Published online by Cambridge University Press: 06 September 2025
The preceding chapters have explored how men's fathering identities and women's attitudes, in conjunction with the terms and conditions of their respective public and private sector employment and workplace cultures, shape how partners divide childcare and housework. In this final chapter the overall findings and conclusions from this longitudinal study are considered and their implications for our understanding of paid work, unpaid work, families, and gender are explored.
The significance of time and visibility
As discussed in Chapter 2, since the 1970s the UK public sector has not always provided a shining example of model employment, however, research has suggested a supportive approach to working parents in some respects through the favourable application of parental leave (Rubery, 2013) and the availability of reduced hour contracts, flexitime, or home working (Lewis et al, 2017).
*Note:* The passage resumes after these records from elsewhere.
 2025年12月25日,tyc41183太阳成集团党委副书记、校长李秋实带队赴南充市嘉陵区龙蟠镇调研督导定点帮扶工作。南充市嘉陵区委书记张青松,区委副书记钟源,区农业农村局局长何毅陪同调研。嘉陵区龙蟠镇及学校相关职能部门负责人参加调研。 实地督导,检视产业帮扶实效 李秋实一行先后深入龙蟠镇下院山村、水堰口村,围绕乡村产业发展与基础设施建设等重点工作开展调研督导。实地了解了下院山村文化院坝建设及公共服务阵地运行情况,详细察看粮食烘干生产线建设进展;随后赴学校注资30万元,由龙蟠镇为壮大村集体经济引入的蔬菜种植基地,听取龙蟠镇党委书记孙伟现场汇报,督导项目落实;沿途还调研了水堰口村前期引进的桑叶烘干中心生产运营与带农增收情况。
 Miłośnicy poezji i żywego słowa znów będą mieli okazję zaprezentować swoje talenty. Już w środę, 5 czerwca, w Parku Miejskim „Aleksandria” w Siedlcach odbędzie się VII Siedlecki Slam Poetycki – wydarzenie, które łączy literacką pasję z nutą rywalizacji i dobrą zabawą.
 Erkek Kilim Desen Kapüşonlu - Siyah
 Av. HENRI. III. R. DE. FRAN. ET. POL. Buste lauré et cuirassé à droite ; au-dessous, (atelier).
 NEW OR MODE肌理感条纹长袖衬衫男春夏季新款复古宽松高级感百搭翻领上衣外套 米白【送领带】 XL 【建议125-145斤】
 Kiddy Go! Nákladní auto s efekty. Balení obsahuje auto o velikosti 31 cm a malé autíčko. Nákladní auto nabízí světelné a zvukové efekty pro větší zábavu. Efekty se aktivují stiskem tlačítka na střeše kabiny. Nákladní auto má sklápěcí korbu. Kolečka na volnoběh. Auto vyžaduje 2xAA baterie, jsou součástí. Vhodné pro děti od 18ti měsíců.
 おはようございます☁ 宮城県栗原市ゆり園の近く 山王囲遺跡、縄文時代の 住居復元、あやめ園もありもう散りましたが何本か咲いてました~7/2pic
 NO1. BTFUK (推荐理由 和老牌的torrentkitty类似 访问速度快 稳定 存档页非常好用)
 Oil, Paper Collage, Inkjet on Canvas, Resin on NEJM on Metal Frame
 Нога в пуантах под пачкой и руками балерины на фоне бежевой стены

This has been considered to have established more opportunities for working parent couples to better combine demands of paid work and home. However, as this book has shown, this is not necessarily the case. Earlier chapters show inconsistencies in how paternity leave policy is applied across public and private sector work settings and how some of the lowest paid paternity leave is in public sector areas such as the fire service and police. This reinforces normative understandings of fathers as providers rather than carers, thereby sustaining breadwinner fathering identities which, as we have seen, have consequences for how household tasks are divided.